Although deemed a first-round talent by most analysts, many teams were scared off by Kindle's often-injured knee and his off-the-field incidents. Kindle fell into the second round and was ultimately drafted 43rd overall by the Baltimore Ravens, using one of the three picks the Ravens acquired by trading their first-round pick (25th overall) to the Denver Broncos (who selected Tim Tebow). Kindle said in a press conference shortly after the draft he was targeting the Defensive Rookie of the Year Award in 2010. However, after the Ravens' minicamp, Kindle acknowledged: "When I said that, it was just an exciting moment for me, getting drafted. My head was in the clouds."

On July 25, Kindle fell down two flights of stairs at a home in Austin, Texas. He was sent to the hospital in stable condition but was described as suffering head trauma. It was later determined he fractured his skull in the fall. As a result, Kindle was unable to attend the Ravens' training camp at McDaniel College.
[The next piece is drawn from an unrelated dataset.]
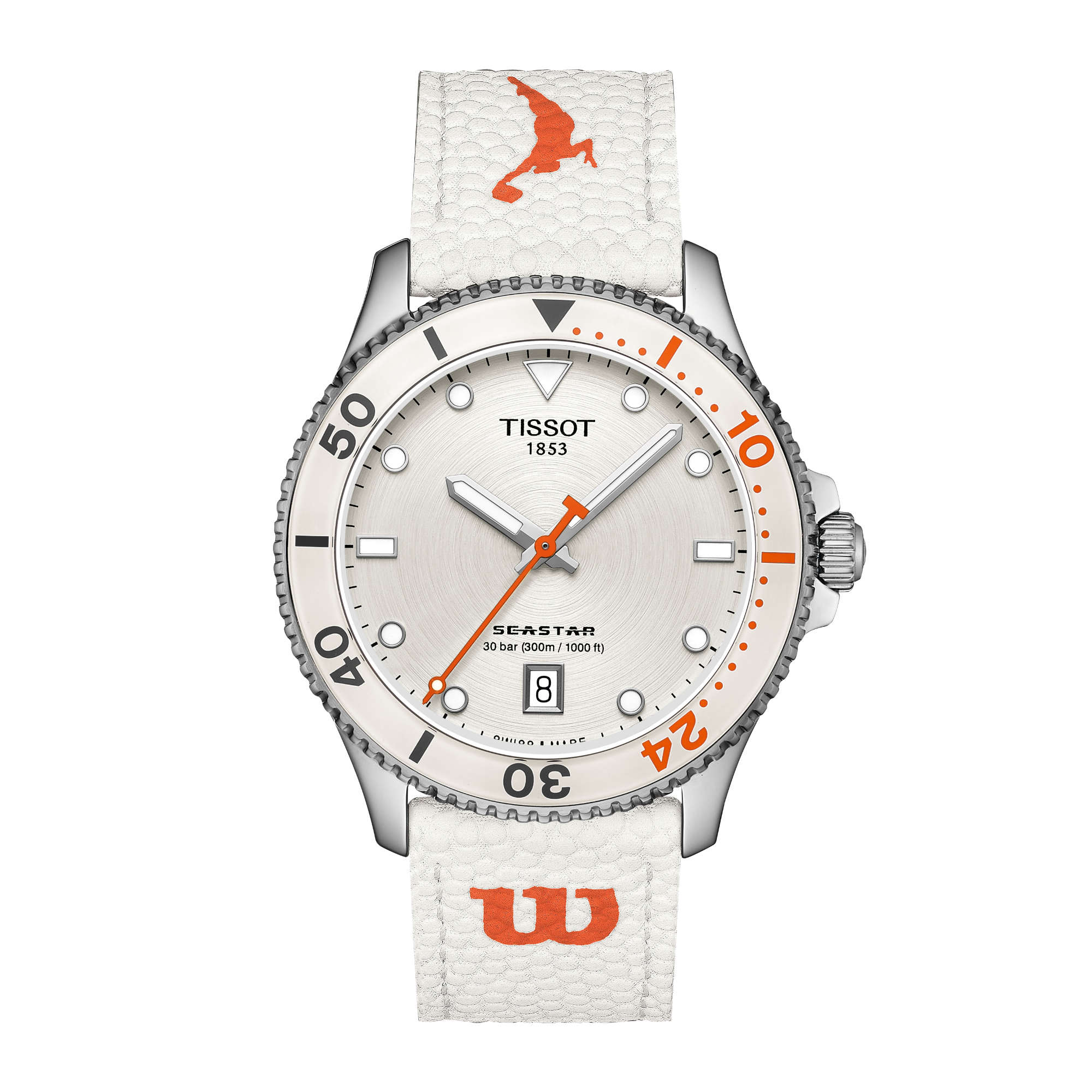 Ref. T120.410.17.011.00 - Die Tissot Seastar Wilson WNBA Uhr ist eine Sonderedition, die in Zusammenarbeit von Tissot und dem Sportartikelhersteller Wilson Sporting Goods zu Ehren der nordamerikanischen Basketball-Profiliga der Damen, WNBA (Women's National Basketball Association), designt wurde.

On September 23, 2010, Kindle signed a one-year contract for $320,000, the rookie minimum, and was immediately placed on the Reserve/Non-Football Injury list. Because Kindle did not sign until Week 3 of the 2010 season, Kindle received a prorated salary of $282,000. The contract included no signing bonus (by comparison, New England Patriots tight end Rob Gronkowski, the player drafted just before Kindle, received a signing bonus of $1.76 million).

====2011 season====
Eighteen months after he was drafted, Kindle was activated for the first time in his career for the Ravens' Week 4 game against the New York Jets. He played primarily on special teams, but saw some time on defense towards the end of the game.

====2012 season====
On October 20, 2012, the Ravens waived Kindle to make room for outside linebacker Terrell Suggs, who had spent the first six weeks on the Physically Unable to Perform (PUP) list. On October 22, 2012, Kindle was signed to the Ravens practice squad. On January 7, 2013, he was released from the team. Though he'd been waived by the time the game was played, as a member of the team for part of the season he was awarded a Super Bowl ring when the Ravens won Super Bowl XLVII.

==Personal life==
Kindle was born in Los Angeles and moved to Texas shortly after he was born. His father played semi-pro football in Dallas, Texas.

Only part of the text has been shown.